SWATH-MS-Based Proteomics Reveals the Regulatory Metabolism of Amaryllidaceae Alkaloids in Three Lycoris Species

Abstract

Alkaloids are a class of nitrogen-containing alkaline organic compounds found in nature, with significant biological activity, and are also important active ingredients in Chinese herbal medicine. Amaryllidaceae plants are rich in alkaloids, among which galanthamine, lycorine, and lycoramine are representative. Since the difficulty and high cost of synthesizing alkaloids have been the major obstacles in industrial production, particularly the molecular mechanism underlying alkaloid biosynthesis is largely unknown. Here, we determined the alkaloid content in Lycoris longituba, Lycoris incarnata, and Lycoris sprengeri, and performed a SWATH-MS (sequential window acquisition of all theoretical mass spectra)-based quantitative approach to detect proteome changes in the three Lycoris. A total of 2193 proteins were quantified, of which 720 proteins showed a difference in abundance between Ll and Ls, and 463 proteins showed a difference in abundance between Li and Ls. KEGG enrichment analysis revealed that differentially expressed proteins are distributed in specific biological processes including amino acid metabolism, starch, and sucrose metabolism, implicating a supportive role for Amaryllidaceae alkaloids metabolism in Lycoris. Furthermore, several key genes collectively known as OMT and NMT were identified, which are probably responsible for galanthamine biosynthesis. Interestingly, RNA processing-related proteins were also abundantly detected in alkaloid-rich Ll, suggesting that posttranscriptional regulation such as alternative splicing may contribute to the biosynthesis of Amaryllidaceae alkaloids. Taken together, our SWATH-MS-based proteomic investigation may reveal the differences in alkaloid contents at the protein levels, providing a comprehensive proteome reference for the regulatory metabolism of Amaryllidaceae alkaloids.

Keywords: Lycoris; SWATH-MS; alkaloids; galanthamine; metabolism.

Figure 1

Phenotype of samples and alkaloid contents of three kinds of Lycoris species. (A) The three kinds of plant materials: Lycoris longituba, Lycoris incarnata, and Lycoris sprengeri.
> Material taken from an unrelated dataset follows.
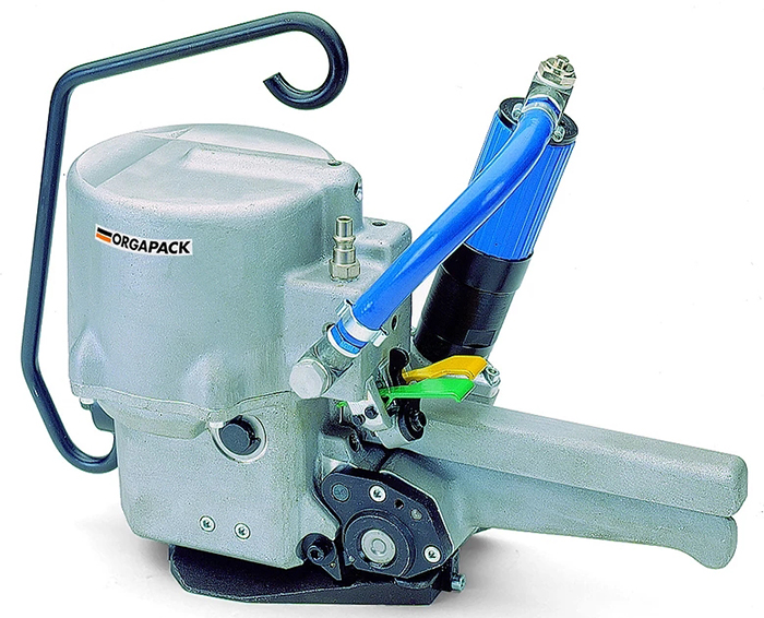 · 免用鐵扣,采三點上下沖模咬合,利用上下沖模機構將鋼帶打出三個陰陽扣互相咬合,抗斷裂強度可達85% ,相較傳統(tǒng)鐵扣結合更強韌。
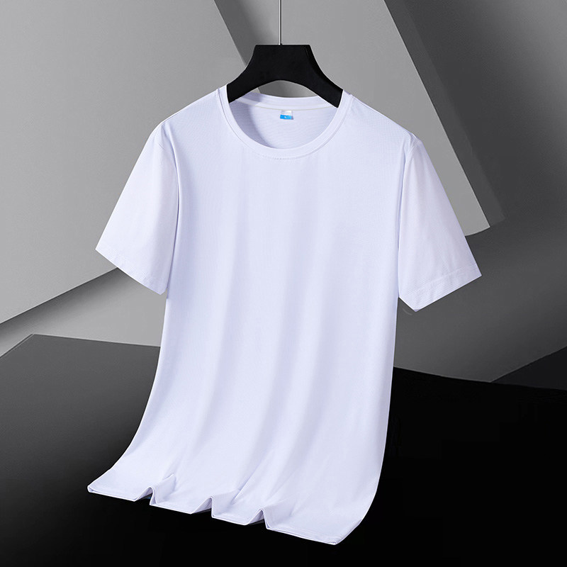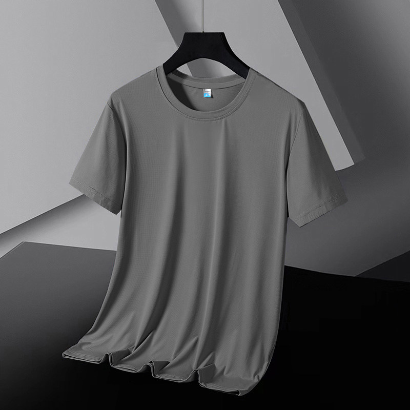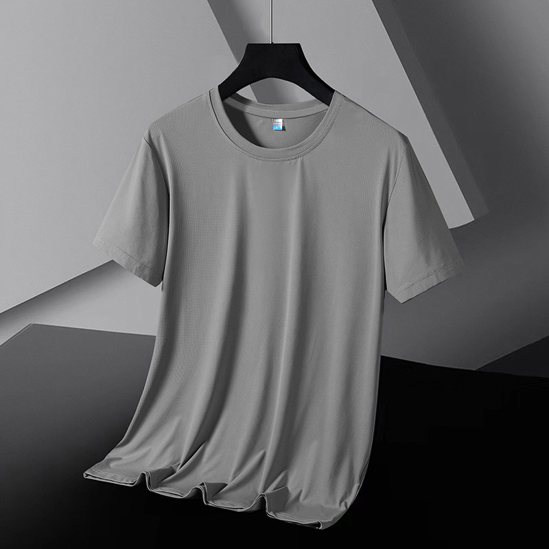 冰丝凉感b速干短袖t恤男夏季男士网眼透气运动大码上衣真黑色薄款

They were collected from the Institute of Botany, Chinese Academy of Sciences, Jiangsu Province, China (32.05° N, 118.83° E) in late March when the leaves were growing vigorously (Bars = 3 cm). (B) The total content of three alkaloids in Lycoris longituba was the highest, whereas that in Lycoris sprengeri was the lowest.

Figure 2

The overview and functional classification by KEGG and MAPMAN BIN.of DEPs. (A) The volcano picture shows the distribution of differentially expressed proteins with different fold changes. (B) Venn diagram shows the number of differential proteins compared between the two groups. (C) KEGG pathway classification was performed on the differential proteins of the 2 groups and enriched in the top 10 pathways. Amino acid biosynthesis, starch, and sucrose metabolic pathways are significantly activated. (D) MAPMAN BIN categorization of DEPs; blue and red represent down-regulated and up-regulated proteins, respectively.

Figure 2

The overview and functional classification by KEGG and MAPMAN BIN.of DEPs. (A) The volcano picture shows the distribution of differentially expressed proteins with different fold changes. (B) Venn diagram shows the number of differential proteins compared between the two groups. (C) KEGG pathway classification was performed on the differential proteins of the 2 groups and enriched in the top 10 pathways. Amino acid biosynthesis, starch, and sucrose metabolic pathways are significantly activated. (D) MAPMAN BIN categorization of DEPs; blue and red represent down-regulated and up-regulated proteins, respectively.

Figure 3

Amino acid metabolism is closely related to the biosynthesis of Amaryllidaceae alkaloids in Lycoris. We detected a total of 38 differential proteins in the amino acid metabolism pathway. The highly expressed proteins were mainly concentrated in Ll, which was consistent with the actual detected trend of alkaloid content of the three varieties.

Figure 4

Candidate genes responsible for the biosynthesis of galanthamine in Lycoris. 189251_c7_g1.p1 and 175950_c0_g1.p1 and other genes upregulated in Ll, which provide the raw material for the biosynthesis of galanthamine, consistent with the highest galanthamine content in Ll.

Figure 5

Potenial pathways contribute to the biosynthesis of Amaryllidaceae alkaloids in Lycoris. (A) Some proteins were detected to be enriched in starch and sucrose metabolism pathways suggesting a reciprocal regulation between alkaloids and sugar metabolism. (B) In secondary metabolic pathways, the up-regulated 187456_c3_g1.p1 and 189251_c7_g1.p1 in Ll participate in the biosynthesis of sinapyl alcohol, resulting in an increase in the alkaloid raw material sinapyl alcohol. Eventually, this leads to a rise in alkaloid content.